Access Conditional Formatting: How To Apply Logical Formatting To Access 2013 Reports And Forms
The pre-defined data bars when using the built-in ‘compare to other records‘ rule really makes this easy to apply and bring a dynamic impact typically to your reports.
You can set from a value range or percentage aggregate and choose from any defined colour required.
I like the way the video demonstrated how you can re-purpose a (duplicate) field to show for a different emphasis of the report without the need to add any extra calculated fields albeit in the report, form or from the base query.
Using the ‘expression‘ rule type really allows simple logic to be applied to the whole record which will be required should you want to show row formatting based on one or more field values.
Also note that you can use Access conditional formatting directly on calculated fields too which will need to be considered for the more complex returning value to a record that doesn’t really exist in any data table.

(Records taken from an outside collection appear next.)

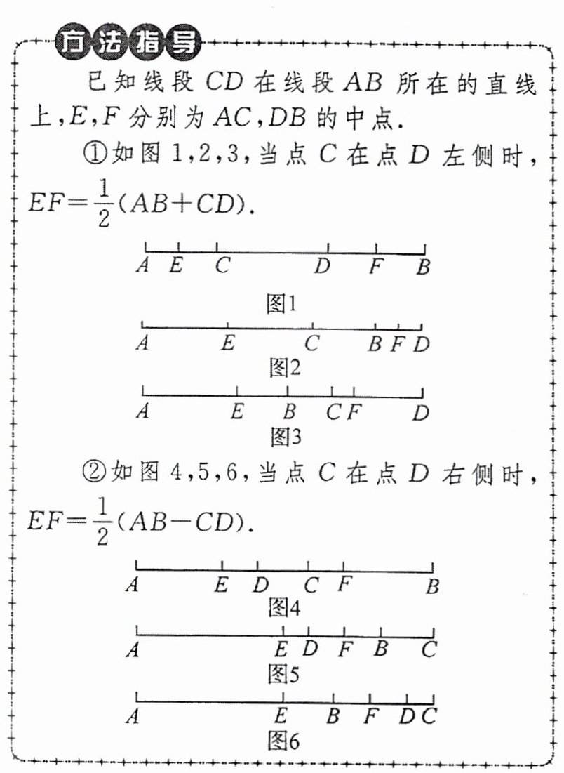(2)如图 2,若 $AC=\frac{1}{3}AD = a$,$BD = b$,$F$ 是线段 $CD$ 的中点,用含 $a$,$b$ 的代数式表示线段 $EF$ 的长。
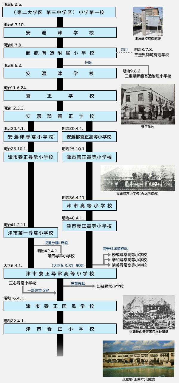 この規則に従って、明治6年(1873年)2月5日に「第三中学区小学第一校」が開かれました。これが養正小学校の始まりで、創立記念日はこの日を記念したものです。津市では、同年5月に、今の修成・南立誠・新町小学校にあたる学校も開かれています。
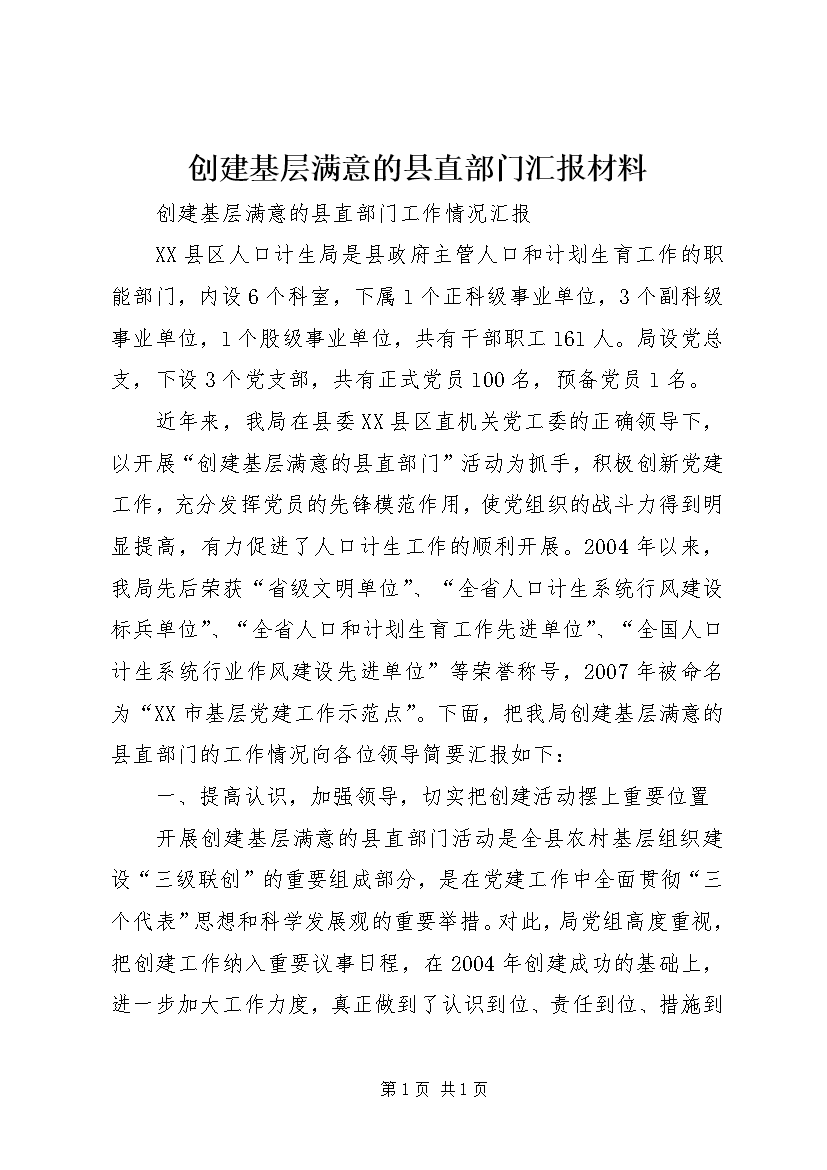 创建基层满意的县直部门汇报材料
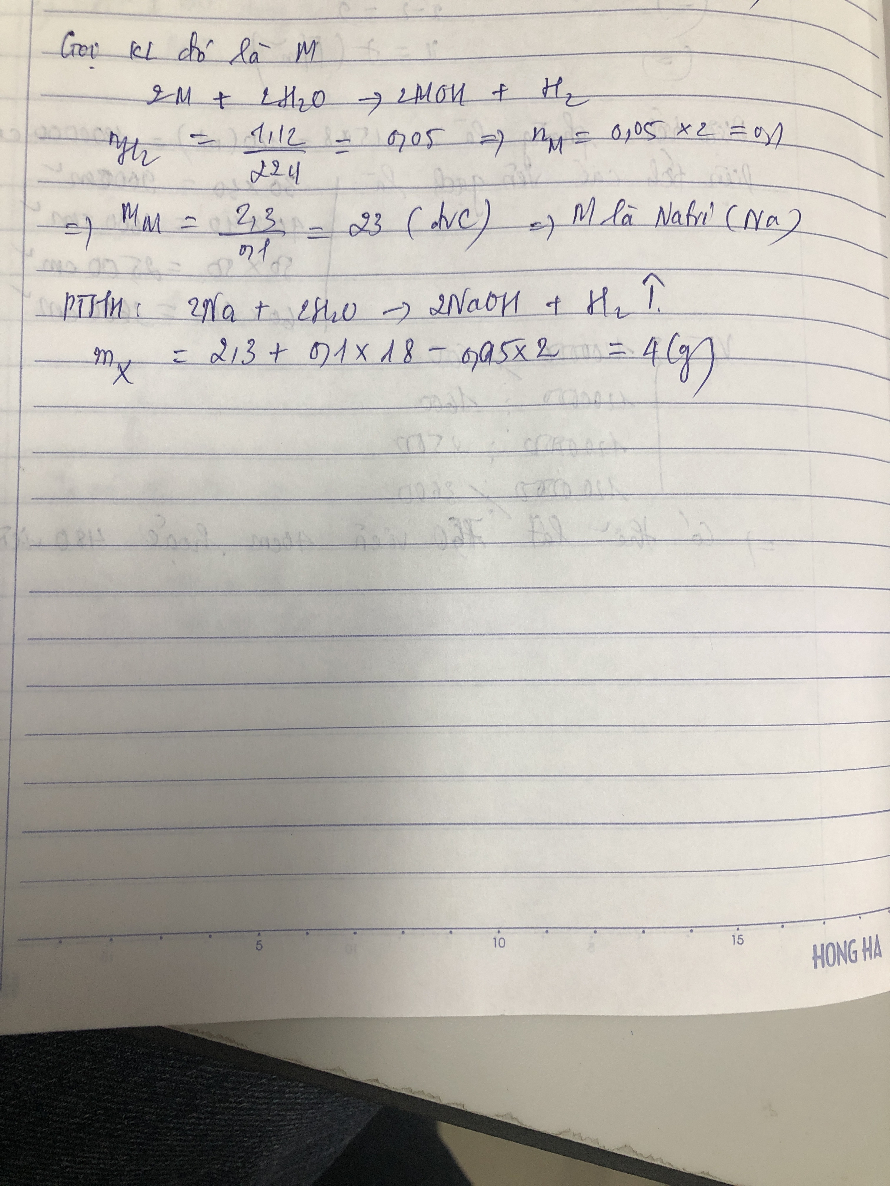 Cho 2,3 g một kim loại kiềm vào nước thì thư được 1,12 lít khí H2(đktc) và dung dịch X.
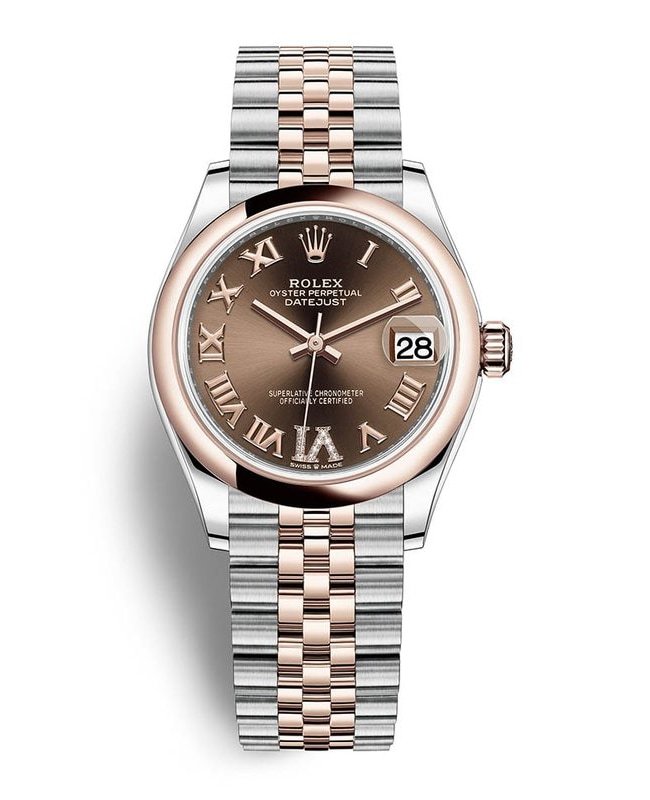 Brand New Authentic Rolex Datejust 31 Steel and 18kt Everose Gold Chocolate Dial Women’s Luxury Watch Model M278241-0004. Polished 18kt Everose Gold and Stainless Steel case with 18kt Everose Gold and Stainless Steel Jubilee Style Bracelet watch band. Crownclasp clasp. Fixed-Domed bezel. Dial description: Polished Rose Gold Hands and Roman Numeral Hours, With a Pave Diamond-set VI Hour Marker and the Date Displayed on a Chocolate dial. Automatic – Chronometer movement. Powered by Rolex Calibre 2236 engine with 55 hours power reserve. Watch functions: Date, Power Reserve, Hour, Minute, Second. Screw in crown. Scratch Resistant Sapphire crystal. Round case shape. Case size: 31mm. Solid case back. 100 Meters – 330 Feet water resistant. 5-year WatchMaxx warranty. Also known as model: 278241 Chocolate Roman VI Jubilee.
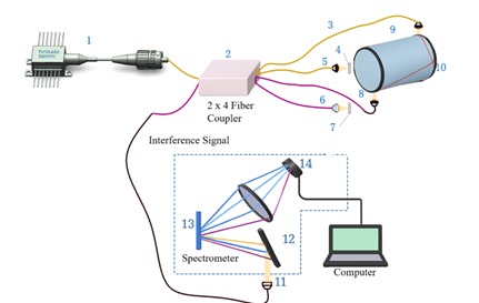 在系统结构上,论文采用 2×4 光纤耦合器实现双光路、单光源同步测量,避免了双光源方案带来的时序不同步和系统成本上升问题。为防止两路信号在同一光谱采集链路中产生串扰,研究引入频分复用(FDM)思想,并将两路光程差设置为约 10 mm,以建立足够的“隔离带”,确保两组频率成分在频域上稳定分离。
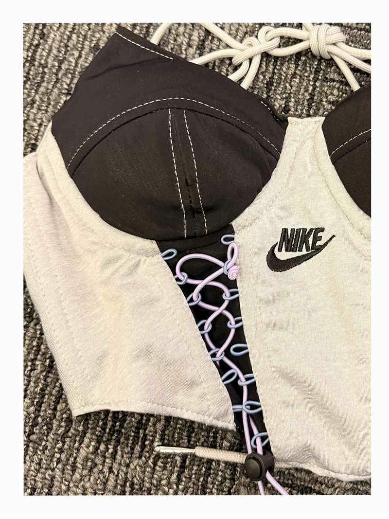 NIKEのジャージ素材を贅沢に再構築した、ストリート感溢れるリメイクコルセットビスチェ。
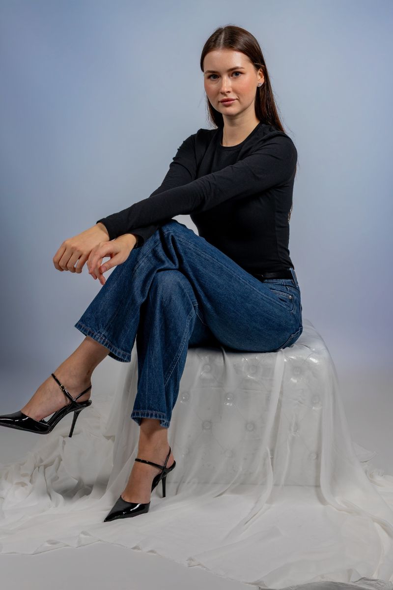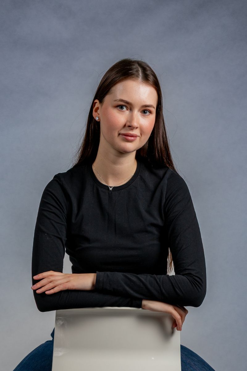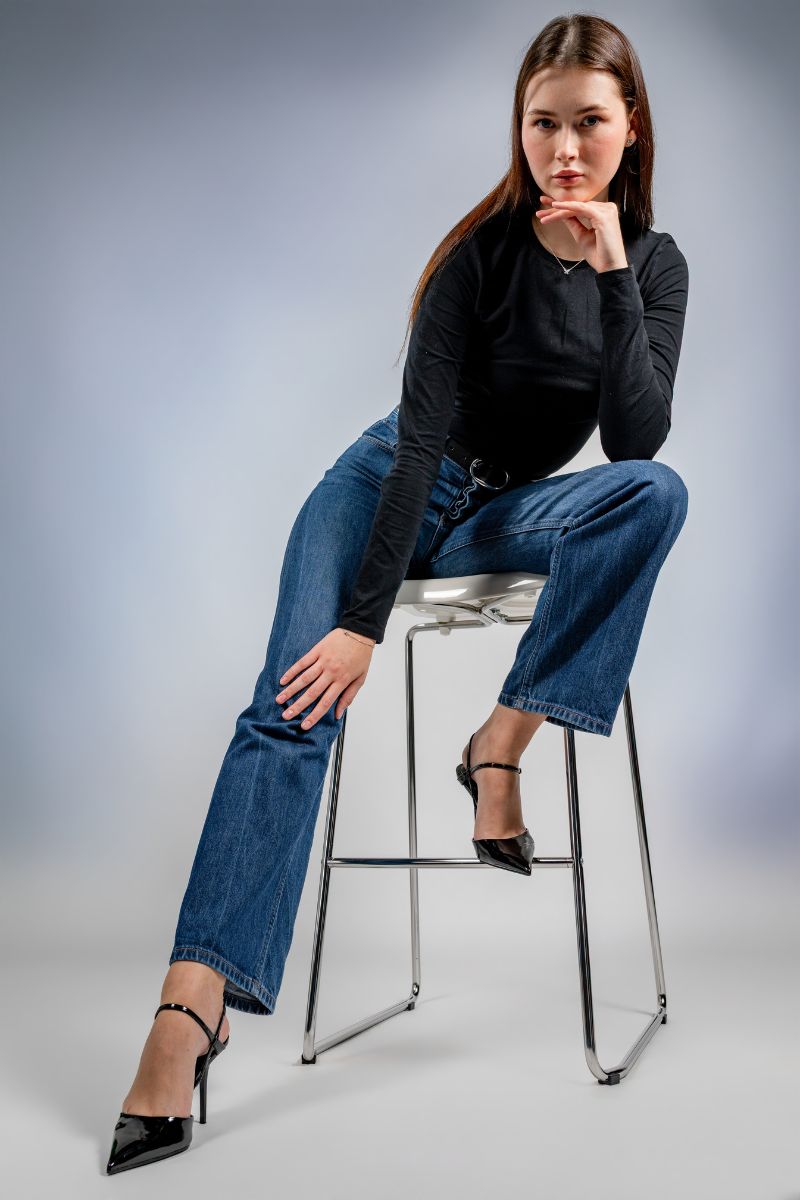• Locker sitzendes Portrait einer jungen Frau bei einem Portraitshooting in Oldenburg.
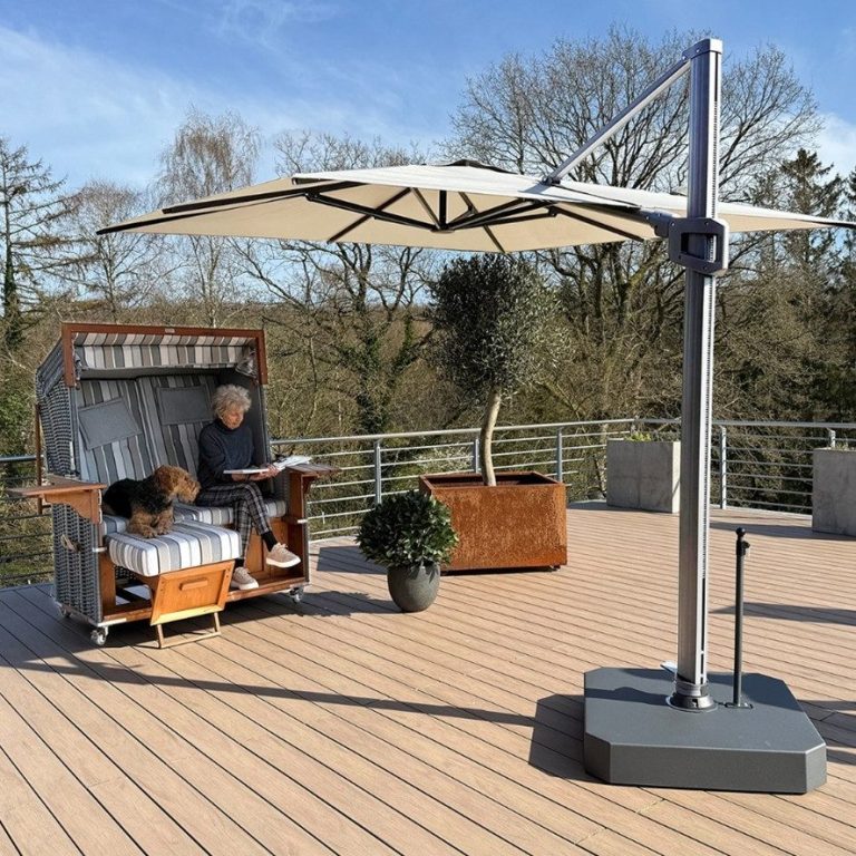 - Platzieren Sie Sonnenschirme und Segel flexibel, je nach Sonnenstand.
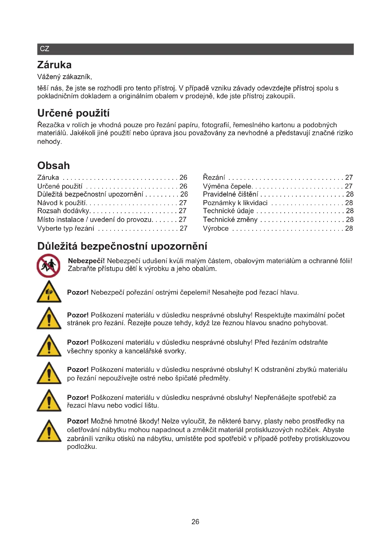 - Záruka Vážený zákazník, těší nás, že jste se rozhodli pro tento přístroj. V případě vzniku závady odevzdejte přístroj spolu s pokladničním dokladem a originálním obalem v prodejně, kde jste přístroj zakoupili. Určené použití Řezačka v rolích je vhodná pouze pro řezání papíru, fotograí, řemeslného kartonu a podobných materiálů. Jakékoli jiné použití nebo úprava jsou považovány za nevhodné a představují značné riziko nehody. Obsah Záruka p. 26
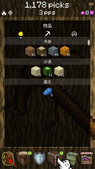 1、进入PickCrafter最新中文版游戏后,只需点击画面,就能用你的镐进行挖矿操作了。
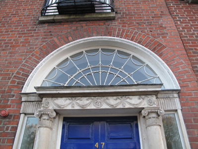 The last of Dublin’s squares to be developed, Mountjoy Square was built c.1789 at the northeast corner of Luke Gardiner’s growing estate and is linked to the Custom House by the recently opened Gardiner Street. The development, with its staggered junctions of secondary streets terminated by four-bay blocks and modest Georgian townhouses, commands an important presence in the city. No. 47 is one of only ten two-bay structures on the square and maintains an elegant but modest appearance subtly enlivened with an exposed limestone doorcase and convex balconettes. Along with No. 46, it is also one of only two extant buildings erected by Archibald Manning. Its ornate, fluid interior is said to boast roundels of putti in the first floor ceiling, marked by an octagon within a rectangle with a leafy centerpiece. The composition and massing of the structure are in keeping with its neighbours, forming an integral part of the rhythmic streetscape. The retention of timber sash windows throughout contributes to the building's architectural character and the retention of stone steps and plinth and cast-iron railing to the street edge provides an appropriate historic setting.
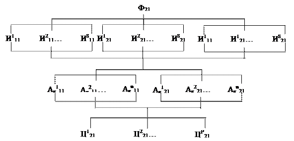 В вершине иерархии устанавливается фокус Ф21, отражающий желаемое будущее. В уровень 2 иерархии включаются желаемые исходы, которые хотят реализовать акторы. Эти исходы могут представлять следующие комбинации: 1 – желаемые исходы по числу и наименованию, соответствующие вероятным исходам из предыдущего прямого процесса и отличающиеся от последних приоритетом относительно их воздействия на желаемое будущее; 2 – генерируются новые желаемые исходы, не пересекающиеся с вероятными исходами предыдущего прямого процесса; 3 – множество желаемых исходов формируется на основе вероятных исходов из предыдущего процесса и вновь определенных на данном обратном процессе желаемых исходов.
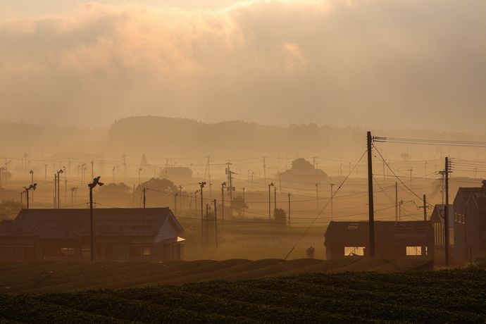 朝もやの中の茶畑
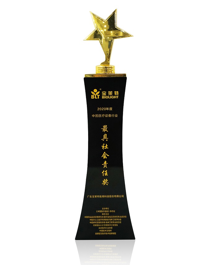宝莱特品牌建立的初心在于“贡献”,董事长燕金元先生说过:“把宝莱特做强做大,第一要素是要有创造社会价值的信念!”在2020年全球抗疫中,宝莱特集团提前复工复产,及时为前线输送监护仪和血液透析设备,并荣获中央赴湖北等疫情严重地区指导组、国家卫生健康委员会、国务院等多封感谢信。因此,《中国医疗设备》杂志社在此次大会上对宝莱特集团颁发了“2020年度中国医疗设备最具社会责任奖”,这份殊荣,彰显了宝莱特在特殊时期勇于担当的企业精神。
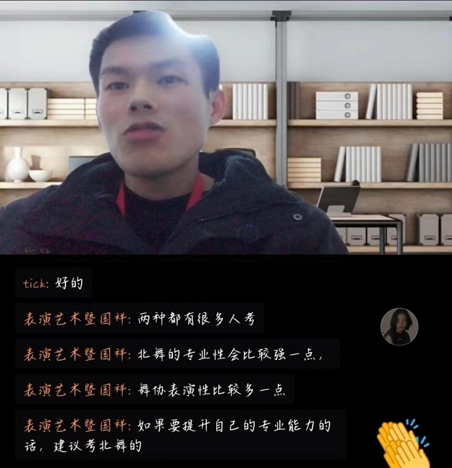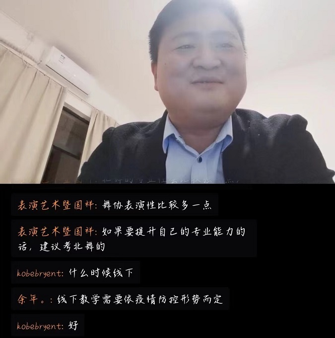 最后,艺术体育学院孙玉坤院长进行总结,他先是表扬了这次线上活动热闹的氛围,为同学们积极的提问和老师们真诚的回答点赞。并鼓励同学们要去期待自己的专业,不要模糊地对专业进行定位。同时院长教育同学们要树立正确的人生观、价值观,并建议大家在行业的探索与实习中,坚定自己的目标与初心。最后院长要大家珍惜师生情意,互怀感恩之心。并祝福大家平平安安,希望疫情封控早日结束,让大家一起在线下见面。
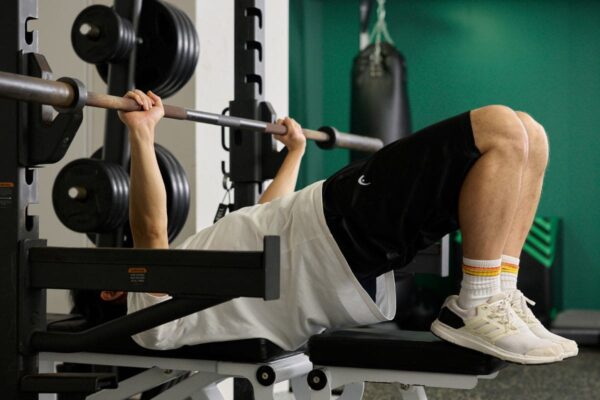 通常のベンチプレスに比べてバーを下ろす位置が低くなるため、大胸筋の下部に強く効いている感覚がありました。特に押し上げ動作で胸の下からグッと押す力が必要になり、三頭筋にも負荷を感じました。一方で、足の位置や腰の浮かせ方が不安定だとフォームが崩れやすく、重さをコントロールするのが難しかったです。
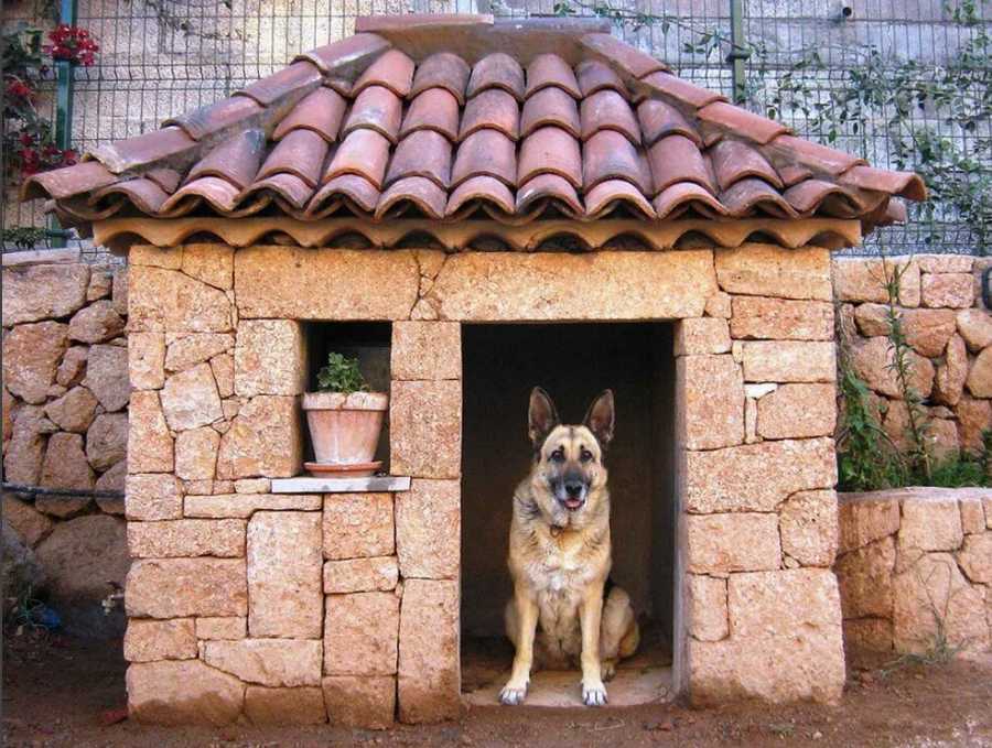 Цельнокаменное или бетонное сооружение в виде уютной норы гораздо комфортнее для домашнего сторожа, собакам тоже доступно восприятие своего дома как крепости.

The scope for a calculated field needs to be considered too and the rule is simple; if a value is considered a one-off benefit, stick it into the form or report. If not, create it in the query which makes this potentially a re-usable field in other forms and reports.
Finally, to keep the number of query objects to a minimum to hide SQL statements (which is what queries really are) without hiding Access objects, embed the SQL code into the form or report ‘Record Source‘ property which makes this really a local recordset to the object.